AI trained on photos from kids’ entire childhood without their consent

Kids "easily traceable" from photos used to train AI models, advocates warn.

Ashley Belanger – Jun 10, 2024 10:37 PM | 136

Photos of Brazilian kids—sometimes spanning their entire childhood—have been used without their consent to power AI tools, including popular image generators like Stable Diffusion, Human Rights Watch (HRW) warned on Monday.

This act poses urgent privacy risks to kids and seems to increase risks of non-consensual AI-generated images bearing their likenesses, HRW's report said.

An HRW researcher, Hye Jung Han, helped expose the problem. She analyzed "less than 0.0001 percent" of LAION-5B, a dataset built from Common Crawl snapshots of the public web. The dataset does not contain the actual photos but includes image-text pairs derived from 5.85 billion images and captions posted online since 2008.

Among those images linked in the dataset, Han found 170 photos of children from at least 10 Brazilian states. These were mostly family photos uploaded to personal and parenting blogs most Internet surfers wouldn't easily stumble upon, "as well as stills from YouTube videos with small view counts, seemingly uploaded to be shared with family and friends," Wired reported.

LAION, the German nonprofit that created the dataset, has worked with HRW to remove the links to the children's images in the dataset.

That may not completely resolve the problem, though.

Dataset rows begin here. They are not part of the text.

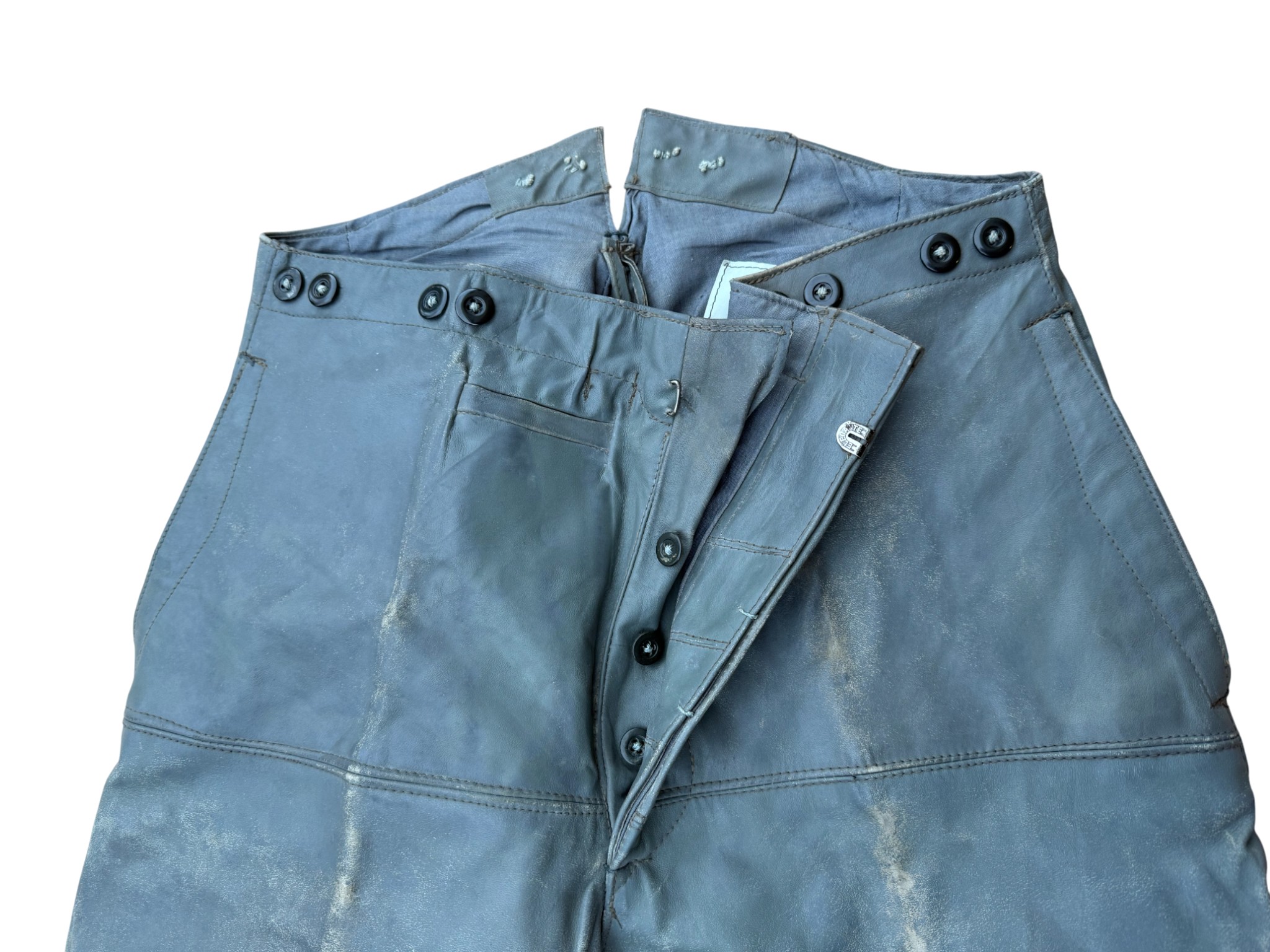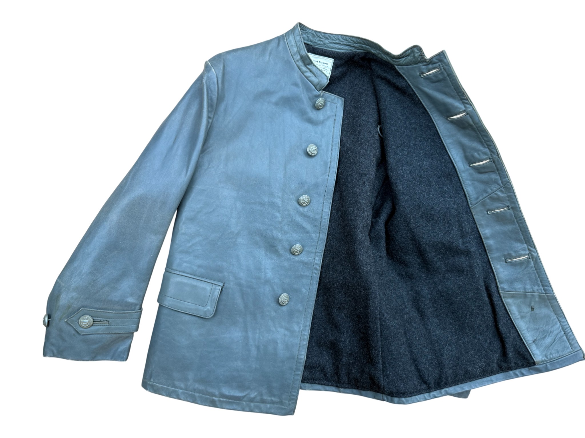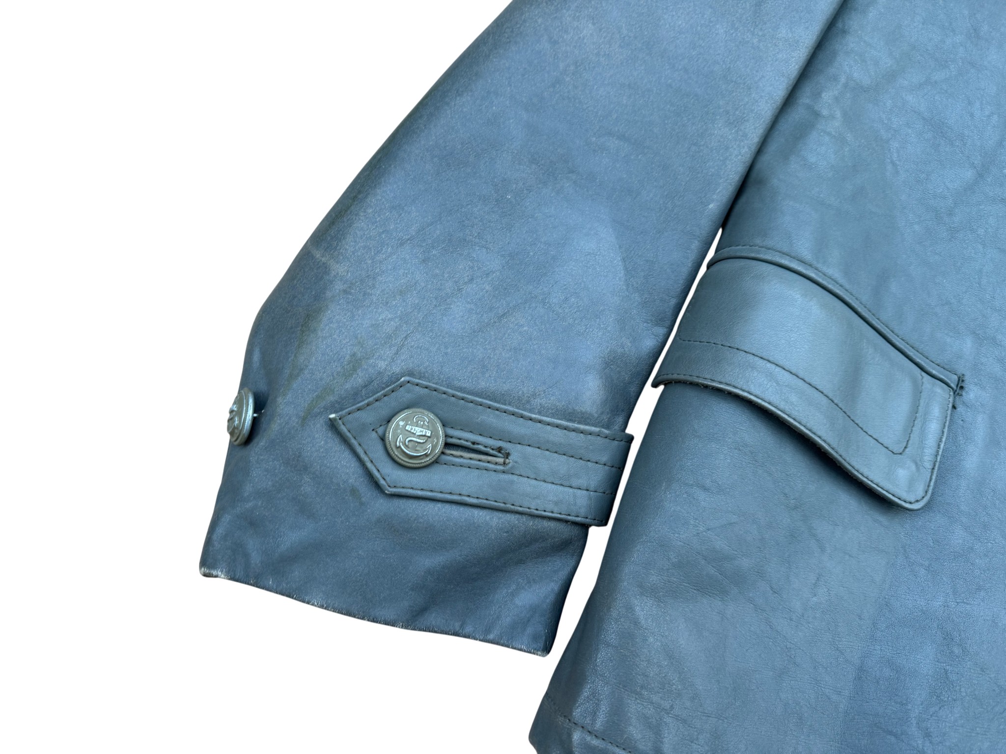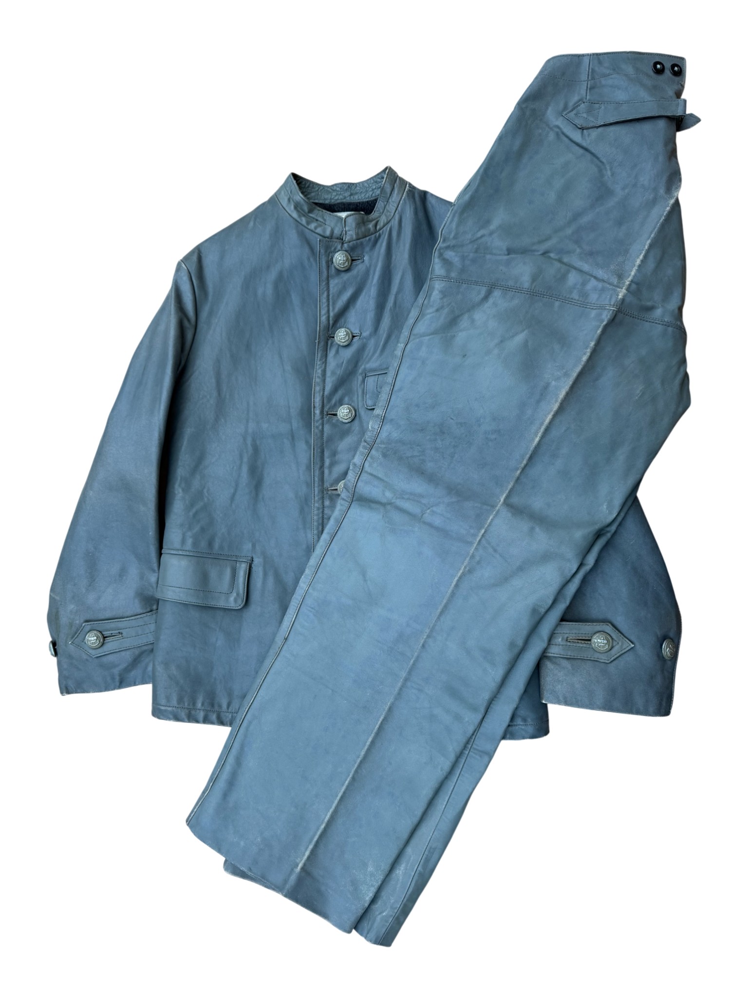 Kriegsmarine gray protective leather jacket and trousers “uboot” set in perfect condition, all orginal sevn buttons on jacket – looks like unused. all with same marker label. Hard to upgrade set !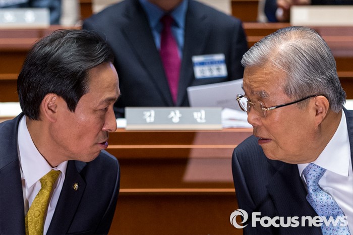 (서울=포커스뉴스) 김종인(오른쪽) 더불어민주당 비상대책 위원장과 우상호 원내대표가 10일 오전 서울 여의도 국회에서 열린 초선 당선자 워크숍에 참석해 대화를 나누고 있다.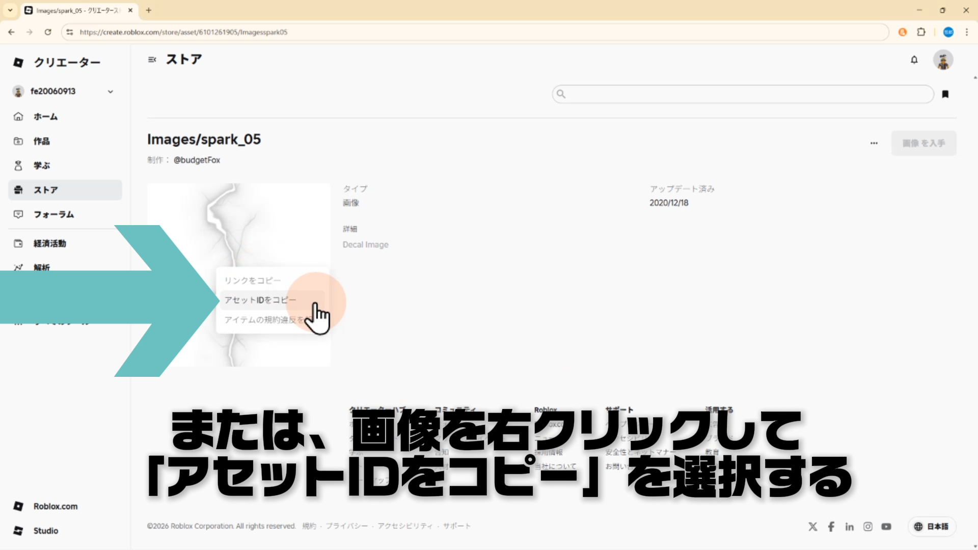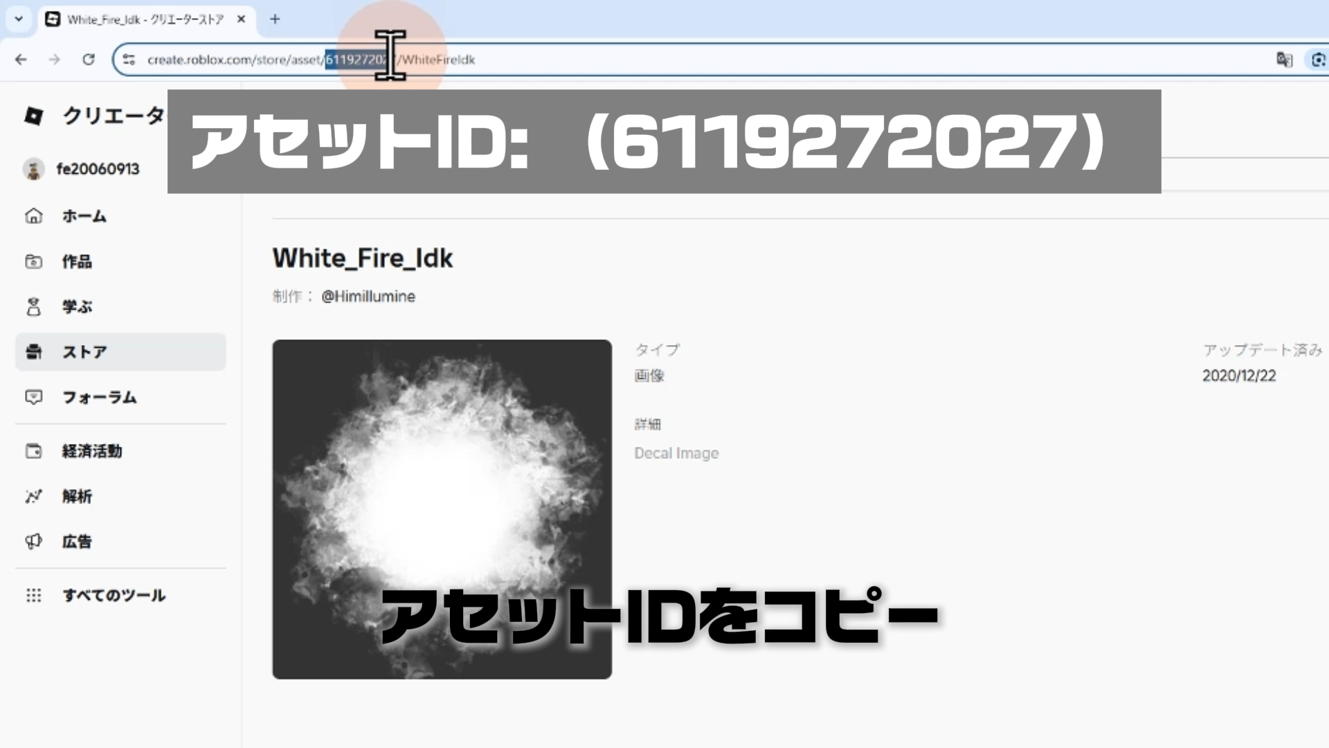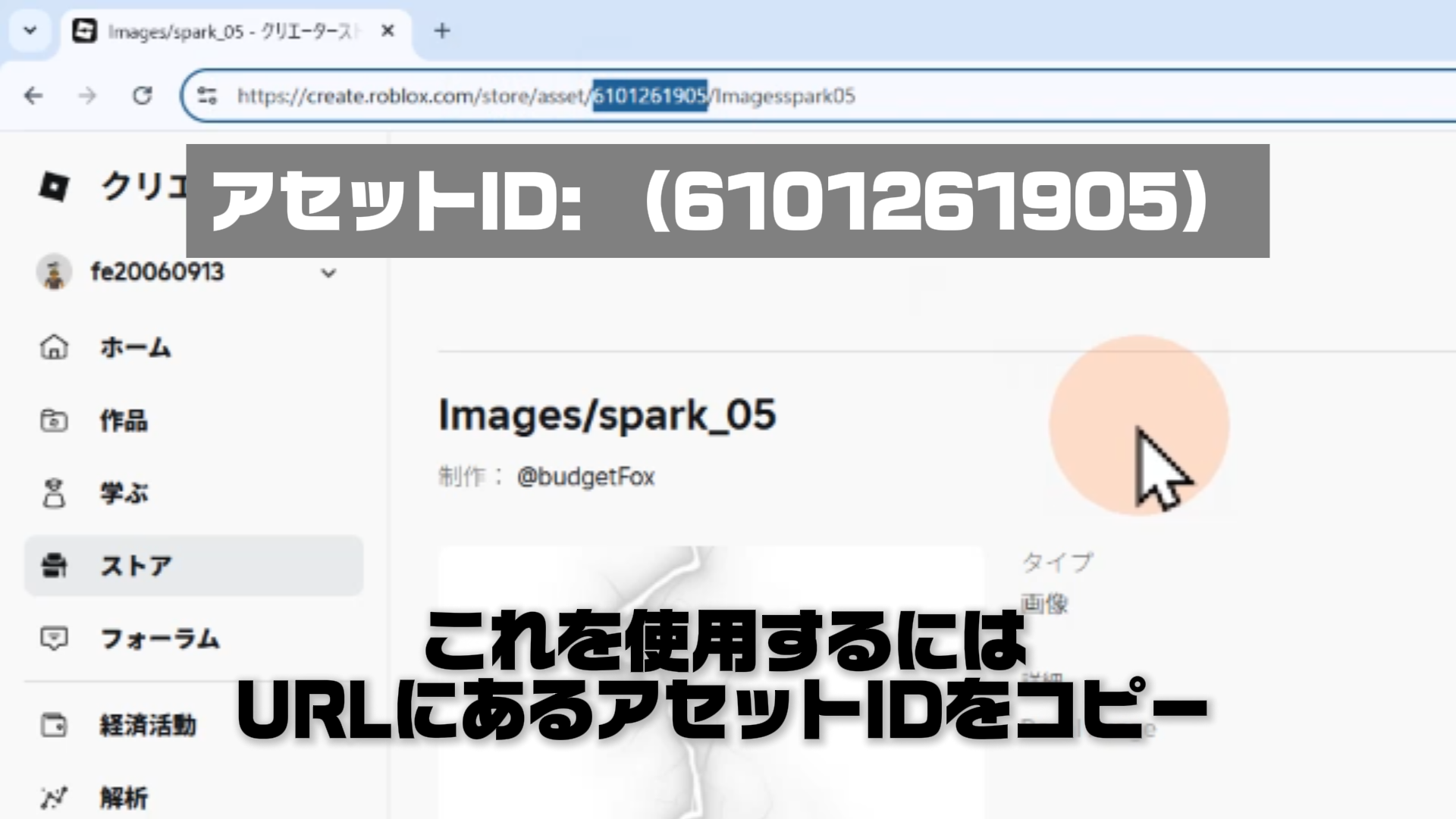 URLの欄をクリックし、Ctrl + V でアセットIDを貼り付ける

HRW's report warned that the removed links are "likely to be a significant undercount of the total amount of children’s personal data that exists in LAION-5B." Han told Wired that she fears that the dataset may still be referencing personal photos of kids "from all over the world."

Ars Video

Removing the links also does not remove the images from the public web, where they can still be referenced and used in other AI datasets, particularly those relying on Common Crawl, LAION's spokesperson, Nate Tyler, told Ars.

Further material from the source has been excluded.